**YOUR GOAL**
Copy the data verbatim and leave out every picture.
**** DATASET CONTENT ****
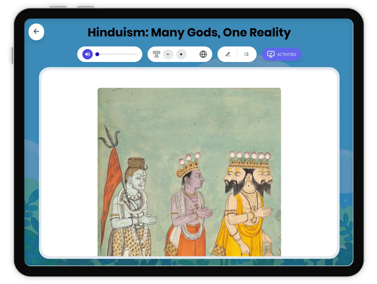 This passage explores the origins, beliefs, and lasting impact of Hinduism, one of the world's oldest religions. Students will learn about key concepts such as Brahman, dharma, karma, and reincarnation, and how these ideas shaped ancient Indian civilization and daily life. The text references primary sources like the Vedas and archaeological discoveries such as ancient temples from the Indus Valley Civilization. Activities include a glossary, multiple-choice quiz, writing prompts, and graphic organizers, helping students analyze historical cause-and-effect, connect beliefs to social structure, and understand change over time. The passage aligns with CA HSS 6.5 and TEKS 6.21 history standards, and ELA-Literacy.RI.6.1, RI.6.4, RI.6.7. A Spanish translation and read aloud audio are included, supporting multilingual and diverse learners. This resource is ideal for classrooms exploring ancient world religions and civilizations.
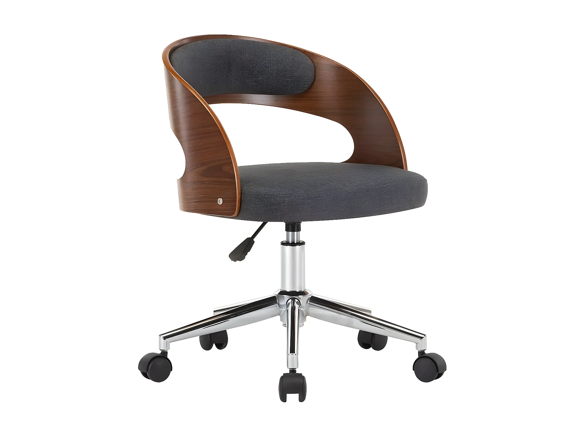 Chaise sur roulettes tissu gris et bois foncé Esinn - Lot de 2
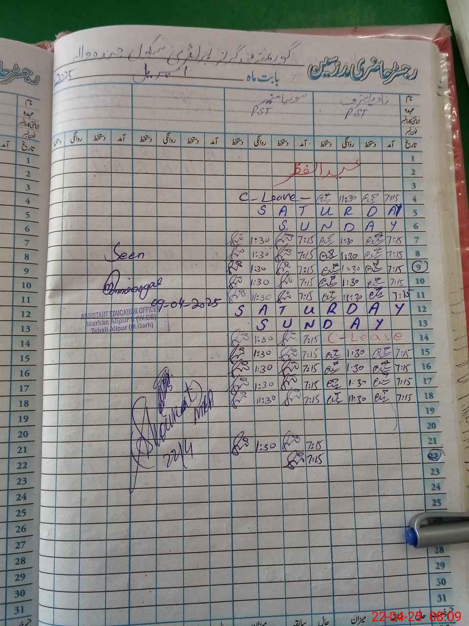 | Name: NA**** AS**** Designation: (School Headmaster's/Headmistress's) PST Phone/Cell Number: 03**** |
****
**TASK OUTPUT**
 This passage explores the origins, beliefs, and lasting impact of Hinduism, one of the world's oldest religions. Students will learn about key concepts such as Brahman, dharma, karma, and reincarnation, and how these ideas shaped ancient Indian civilization and daily life. The text references primary sources like the Vedas and archaeological discoveries such as ancient temples from the Indus Valley Civilization. Activities include a glossary, multiple-choice quiz, writing prompts, and graphic organizers, helping students analyze historical cause-and-effect, connect beliefs to social structure, and understand change over time. The passage aligns with CA HSS 6.5 and TEKS 6.21 history standards, and ELA-Literacy.RI.6.1, RI.6.4, RI.6.7. A Spanish translation and read aloud audio are included, supporting multilingual and diverse learners. This resource is ideal for classrooms exploring ancient world religions and civilizations.
 Chaise sur roulettes tissu gris et bois foncé Esinn - Lot de 2
 | Name: NA**** AS**** Designation: (School Headmaster's/Headmistress's) PST Phone/Cell Number: 03**** |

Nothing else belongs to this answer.